Bueno, no podía seguir guardando silencio por siempre, ¿verdad? Respiré profundo en preparación a lo que tenía que hacer, y luego, tomando el apunte que había llevado, me aclaré la garganta un poco incómoda.
-Kmi quiere que hablemos sobre…-dudé un momento, pero luego suspiré internamente-. Sobre la importancia de la socialización.
Con temor alcancé a percibir un ligero destello en los ojos de Artemis. Oh, dioses.
-Ah, ya veo. Relaciones interpersonales. Una materia de discusión interesante, sin duda...-se acarició levemente la barbilla por un instante, y luego me miró con una expresión sugerente-. Bien. ¿Comenzamos?
Asentí sin mucho entusiasmo, al tiempo que Artemis se inclinaba para alcanzarme una taza y tomar la suya propia. Una vez que ambos estuvimos de vuelta en nuestras posiciones, cada uno con un humeante Earl Grey en las manos, el irlandés sonrió con algo muy parecido a la picardía y me señaló con un elegante gesto de su mano.
-Las damas primero.
Lo fulminé con la mirada. Aún no estaba lista.
-Ah, bueno… Sí, a ver…-musité, intentando ignorar la sonrisita de condescendencia de Artemis y concentrarme en lo mío. Acomodé mis notas en mi regazo, y respiré una, dos, tres veces para tranquilizarme y poner en orden mis ideas… Y comencé-. Desde el inicio de los tiempos se ha sostenido repetidamente la idea de que el hombre no puede ser sin un otro. Ya en el siglo IV antes de nuestra era, Aristóteles afirmaba que el hombre era un “animal social”, estableciendo así…
Me atrevo a decir que fui capaz de exponer mis argumentos bastante clara y concisamente, sin tartamudear más que un par de veces ni dejarme intimidar por la mirada de fingido desconcierto con la que Artemis me observaba a través de la mesa, tan propia de los debatientes experimentados cuando se trata de escuchar a su oponente. Tanto así, que me permití experimentar una pequeña sensación de triunfo cuando llegué a mi último argumento sin que el niño genio me hubiera interrumpido ni una sola vez a lo largo de mi discurso.
-…y para finalizar, recientes exploraciones científicas han descubierto que el simple hecho de forjar una amistad cambia irrevocablemente la química del cerebro, optimizando sus procesos y mejorando su función en el mundo.
Qué inocente de mi parte creer que había terminado.
Artemis asintió sin dejar de mirarme, y bajó lánguidamente su taza de té.
-¿Eso es todo?
Sentí mi ánimo desinflarse. ¿Un cuarto de hora exponiendo mis mejores argumentos, y él me preguntaba si eso era todo? Asentí intentando ocultar mi disgusto, lo cual, conociéndome, no debe haber tenido mucho éxito. Artemis volvió a asentir a su vez.

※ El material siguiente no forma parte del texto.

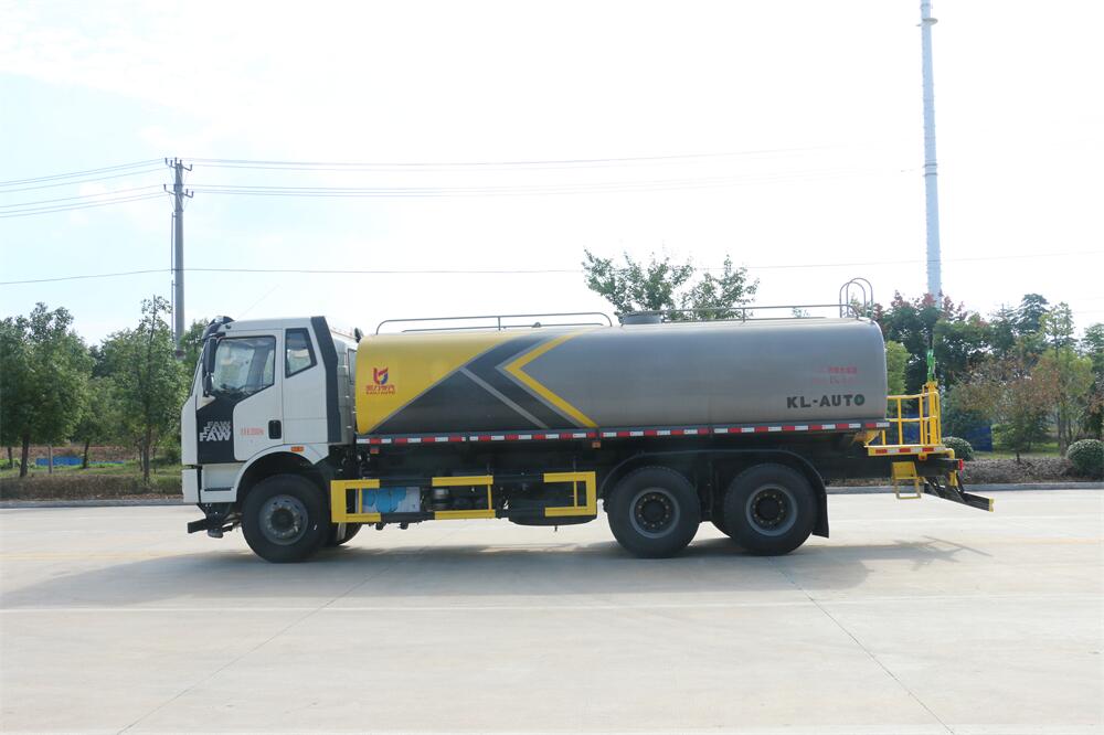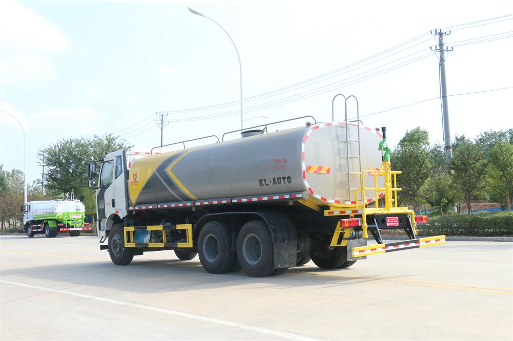 灑水車前裝有鴨形噴嘴或圓頭沖嘴,后面裝有圓柱開灑水噴嘴或蓮蓬頭噴嘴,后部有一工作平臺,裝配有水炮。后部還可裝8個噴嘴(選裝)。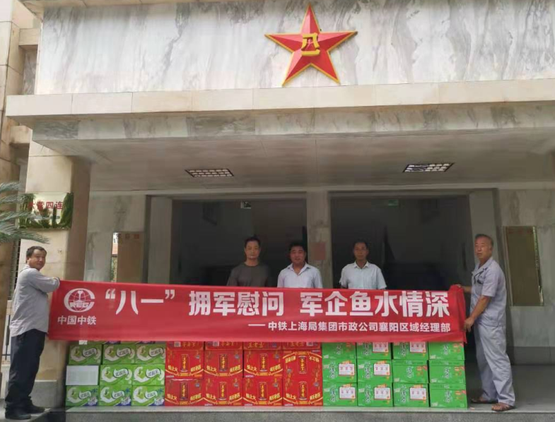 7月30日,在建軍節來臨之際,襄陽區域經理部到襄陽通信三營開展 “‘八一’擁軍慰問,軍企魚水情深”活動。項目負責人為部隊的官兵戰士送上節日的祝福和親切的慰問,并送上了涼茶、綠茶和牛奶等節日慰問品,在炎炎夏日為通信官兵們送去一絲清涼。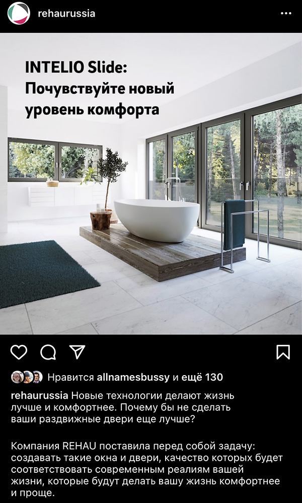 В обновленном Instagram потребитель может не только познакомится с решениями REHAU, но и узнать, как и где лучше их применять. Например, сейчас производитель запустил целую серию постов по параллельно-сдвижным окнам и дверям INTELIO Slide. Это относительно новый продукт, при выборе которого покупателю просто необходима подробная консультация специалиста. Контент, размещенный в Instagram-канале, помогает пользователям разобраться со многими вопросами, возникающими на разных этапах принятия решения о покупке.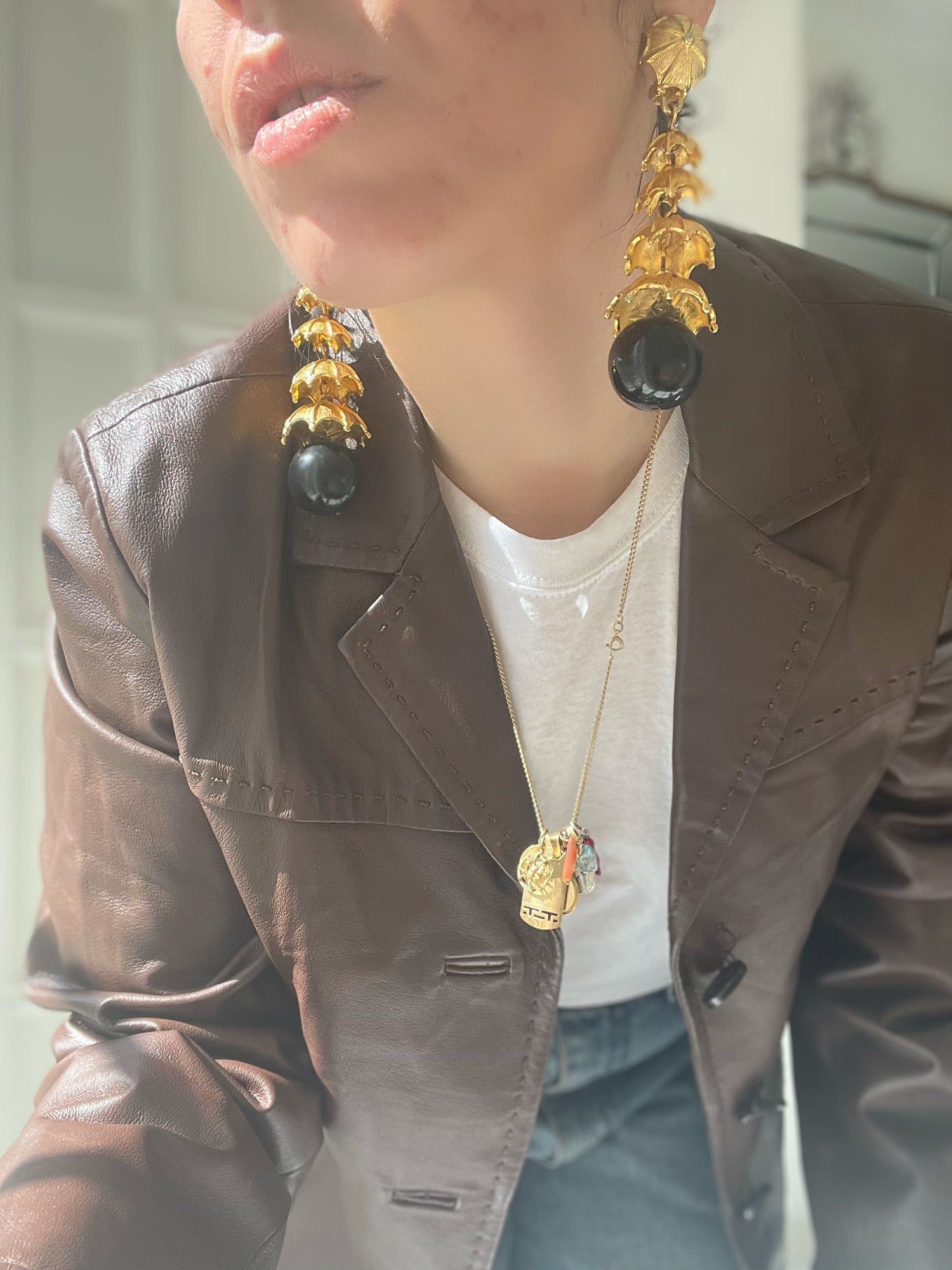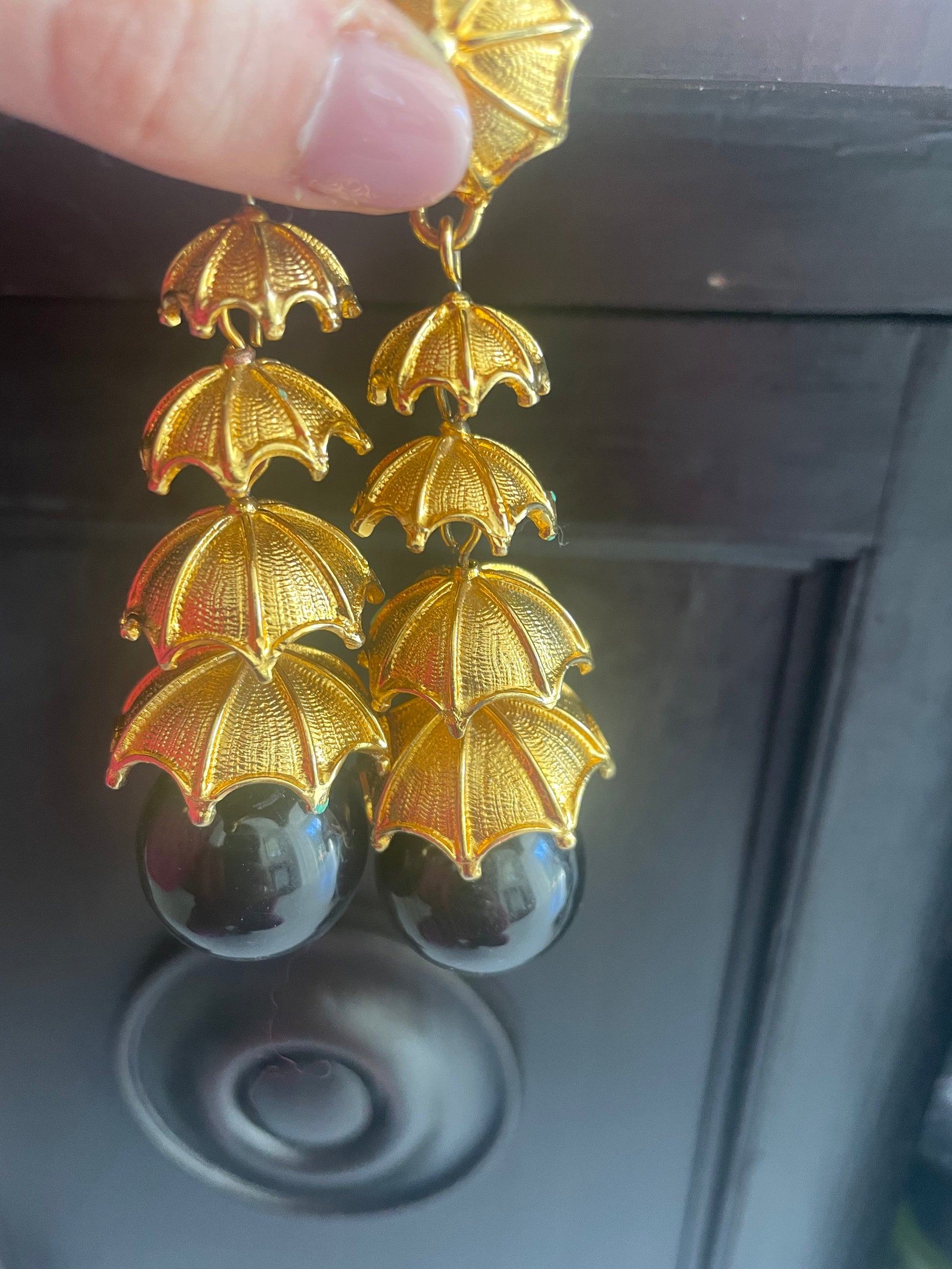 Orecchini vintage placcati oro…hanno una grande perla nera sul fondo presumo di bachelite.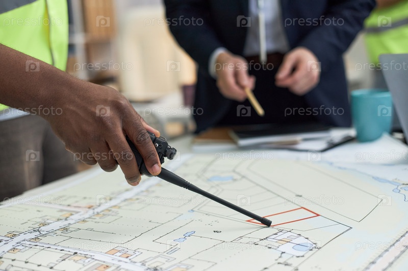 Чернокожий мужчина средних лет контролирует планирование строительных проектов в офисе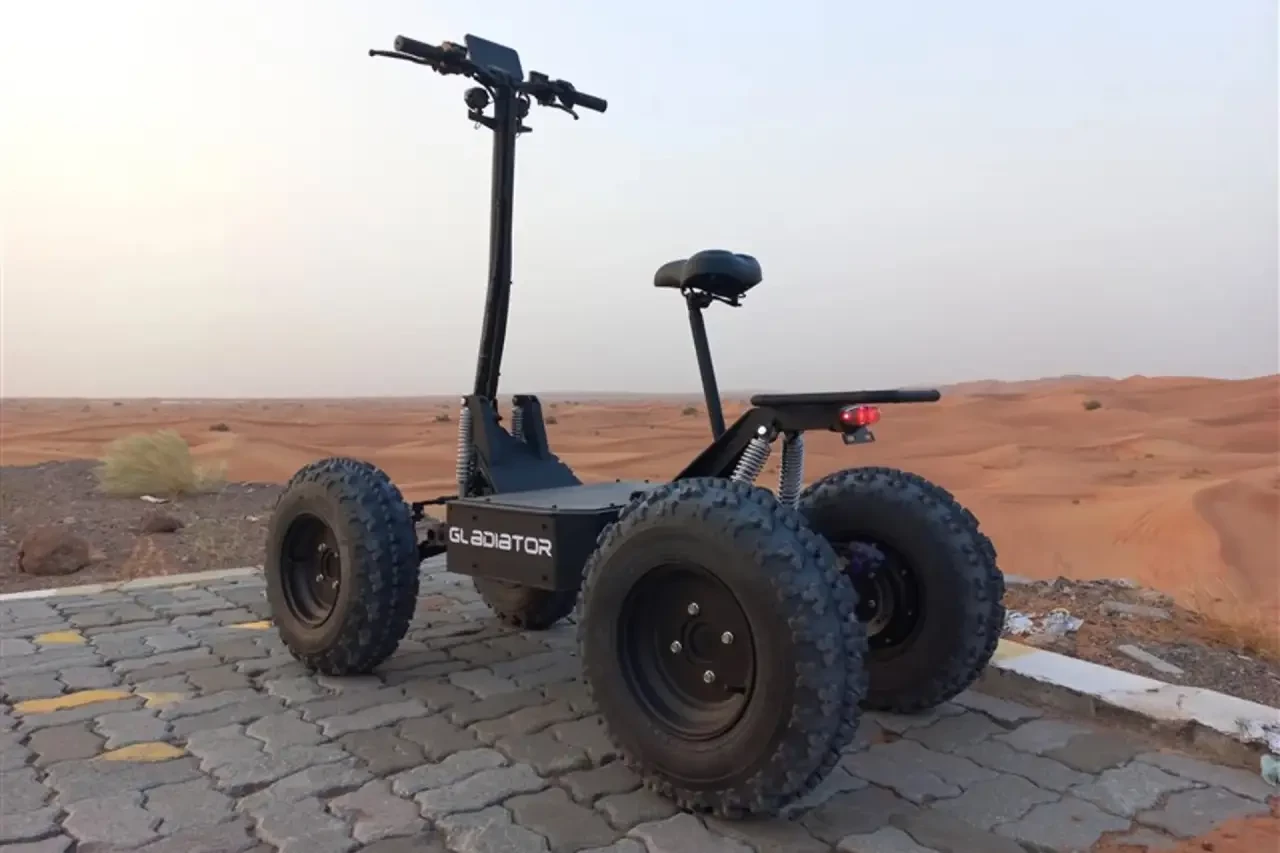 Концепт полноприводного электросамоката-квадроцикла 4X4 Gladiator, оснащённый литий-железо-фосфатной пожаро-взрывобезопасной АКБ 60 В / 2,4 кВт⋅ч с запасом хода до 100 км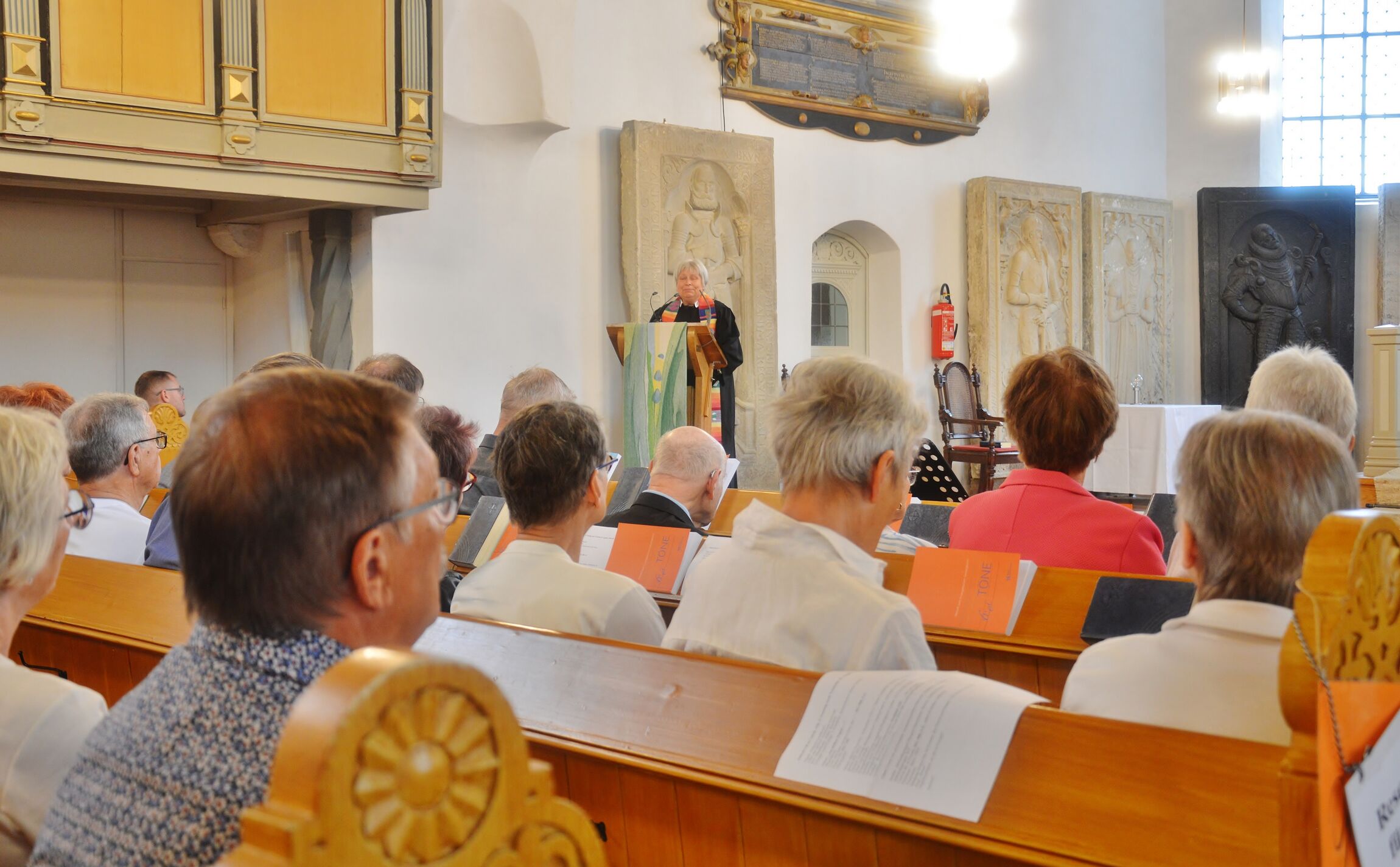 „Ich glaube, diese Welt müsste groß genug, weit genug, reich genug für uns alle sein“, sang der Chor des MTGV Eintracht beim ersten Sommergottesdienst am vergangenen Sonntag in der Marktkirche in Osterode die Zeilen von Udo Jürgens. „Gottes Güte reicht für uns alle“, griff auch Pastorin Johanna Friedlein diesen Gedanken auf, es müsse kein „Wir“ und „die anderen“ geben.
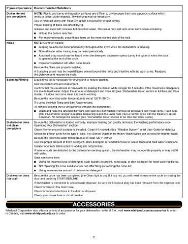 Whirlpool Corporation also offers a variety of accessories for your dishwasher. In the U.S.A., visit www.whirlpool.com/accessories to order.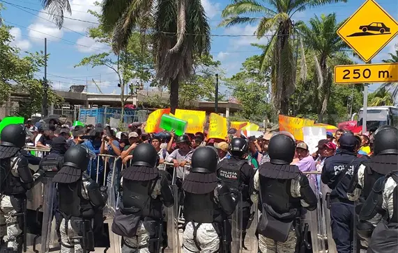 Sin embargo, un contingente de antimotines de la Secretaría de SSyPC, así como de la Guardia Nacional, los frenaron justo en la calzada Lázaro Cárdenas, en la colonia Pakalná, donde cercaron con vallas metálicas.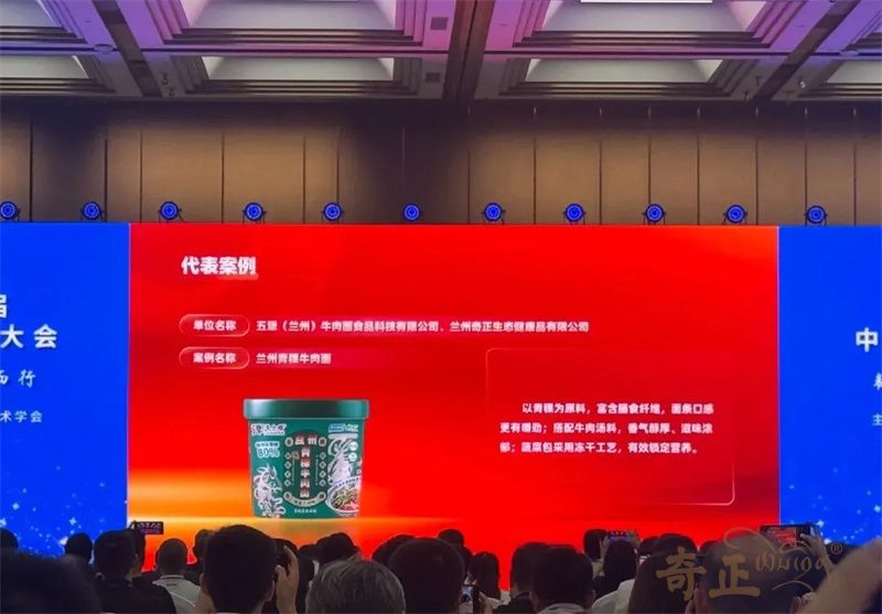在大會(huì)代表案例展示中,由奇正生態(tài)健康品有限公司生產(chǎn)的蘭州青稞牛肉面榮登“2024—2025年度中國方便食品行業(yè)科技與產(chǎn)業(yè)創(chuàng)新新趨勢(shì)代表案例”,該產(chǎn)品以青稞為原料,富含膳食纖維,面條口感更有嚼勁;搭配牛肉湯料,香氣醇厚、滋味濃郁;蔬菜包采用凍干工藝,有效鎖定營養(yǎng)。和傳統(tǒng)牛肉面相比,青稞牛肉面中青稞含量高達(dá)80%,膳食纖維和β- 葡聚糖含量更高,且青稞面餅非油炸,相對(duì)更健康。

-Muy bien. Es mi turno entonces -dijo, apoyando con delicadeza su taza casi vacía en el platillo y devolviéndola a la mesita. Contuve un estremecimiento mientras lo observaba moverse con la tranquilidad de quién se sabe vencedor y me preparaba mentalmente para que demoliera todos mis argumentos en… ¿qué? ¿Cinco frases? Finalmente Artemis volvió a su posición, juntando otra vez las yemas de los dedos con parsimonia, y se preparó para hablar.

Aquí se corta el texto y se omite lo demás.